There’s an implied threat in the UBS report – if utilities cannot or do not change their business models, their direct relationships with consumers will be intermediated by new entrants coupled with reductions in electricity revenues.  The Citi Research report spells out that potential for confrontations between tech giants (notably Google and Apple) and utilities in value-added services (specifically energy management services) to consumers.

In North America, these trends enable the emergence of a new class of consumer – the prosumer.  As noted in our previous articles, prosumer actions challenge existing regulated utility constructs by democratizing generation of both kilowatts and negawatts.   Progressive regulatory agencies are taking notice of this erosion of the monopoly position – the New York Department of Public Service published The Reforming the Energy Vision document that starts discussion about how regulators can help utilities adapt to changing technologies and market expectations, and the California PUC is requiring its three regulated utilities to present plans for distributed energy resources and appropriate valuation of DER assets by mid 2015.

Utilities can no longer count on revenue growth based on centralized generation – Citi Research indicates that demand for utility-provided power will flatten or even decrease as a result of energy management technologies, improved energy efficiency and prosumer activity.  The strategy for utilities is to create new services that deliver new revenue.  Taking a page from the communications service providers’ playbooks and experiences, could utilities create a value-added service that combines solar with fixed energy storage (both individual and community) and electric vehicles (EV) into an energy triple play?  It’s an idea floated in the UBS report.  This combination of technologies leverages solar power to “fill the tanks” of the fixed and mobile batteries.  The EV gets charged with solar power creating another potentially-recognizable carbon reduction benefit for utilities.

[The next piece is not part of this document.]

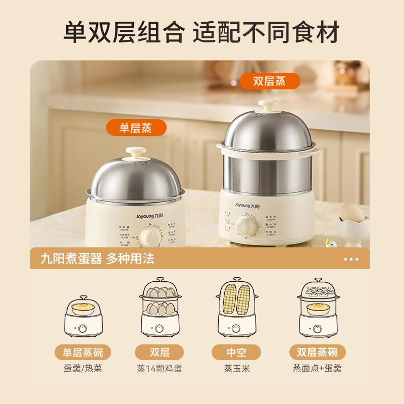 九阳煮蛋器蒸蛋器316L不锈钢多功能定时自动断电煮蛋神器新款 正品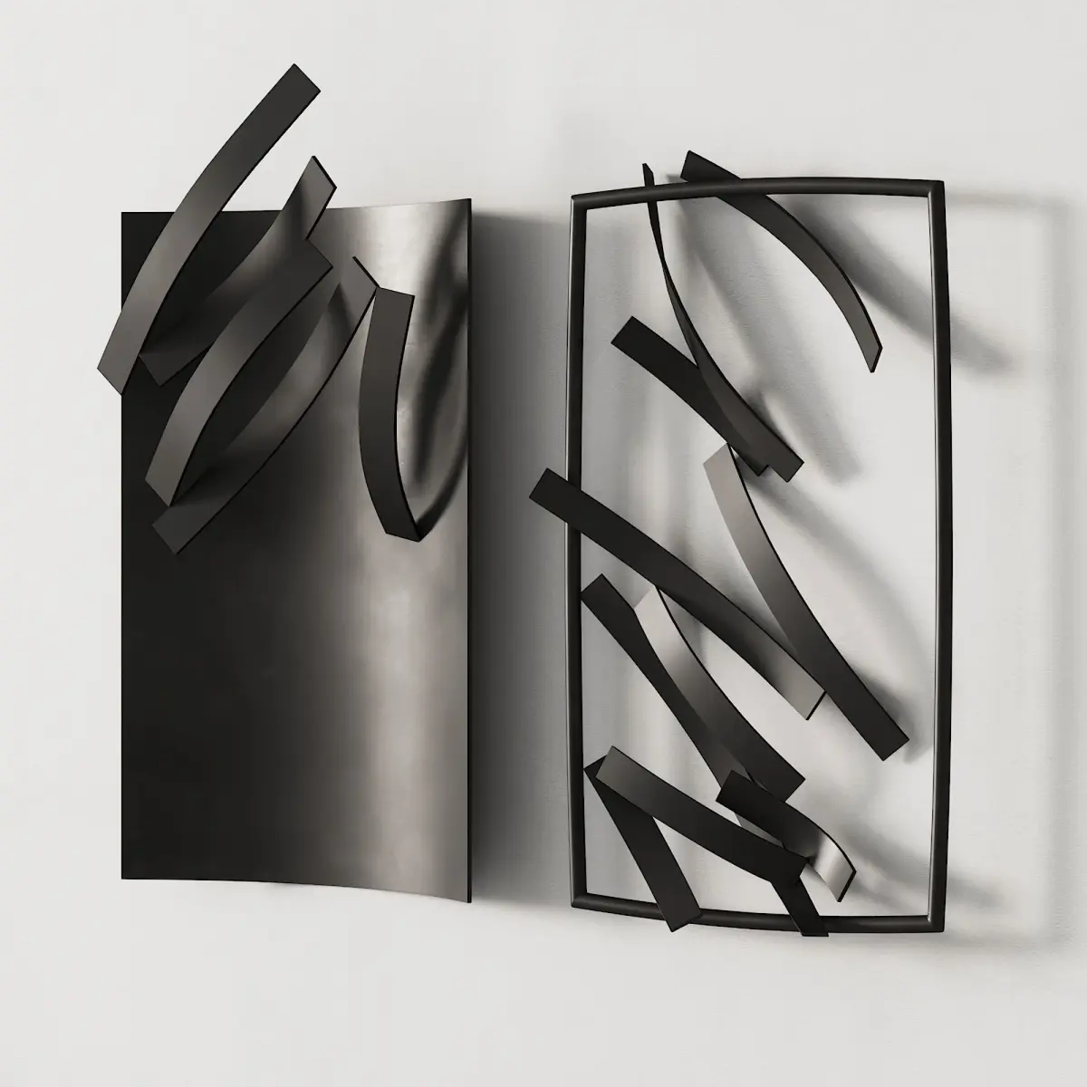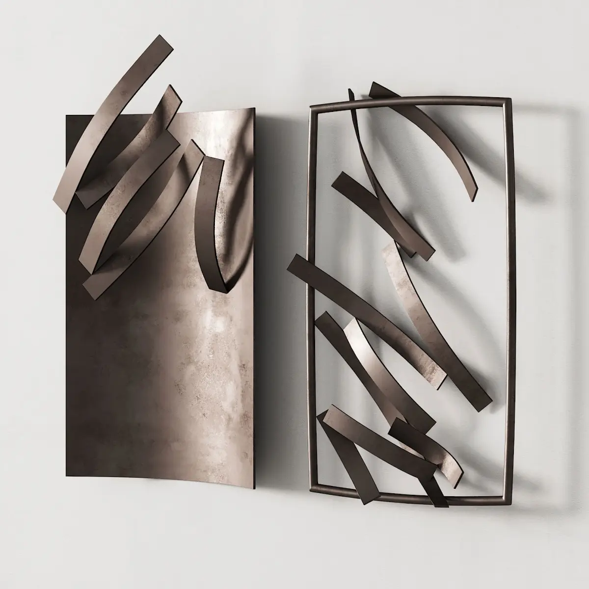 3d model: wall art object / wall sculpture / artwork / wall art by Roberto Alamagno. The scene features two art objects in four different materials. Suitable for modern/minimalist/scandinavian/japandi/wabi sabi interiors.

Many consumers would like to add solar panels and energy storage, but without the hassle of sourcing, financing, deploying, managing, and maintaining the equipment.  A triple play electricity service certainly offers possibilities to address the Smart Grid benefits gap experienced by consumers in multi-family residential and rental situations.  Utilities would be well-positioned to organize and manage these types of services to ensure grid reliability and safety.   Many of them are already experienced in working with contracted third parties who deliver energy efficiency and other demand reduction services.  An extension to generation wouldn’t be a huge stretch.  However, it will take regulatory revisions to create the playing field that allows this type of development.  The good news is that the first regulatory agencies are starting that investigatory process.  Which utility will be the first to make a move into an electricity triple play?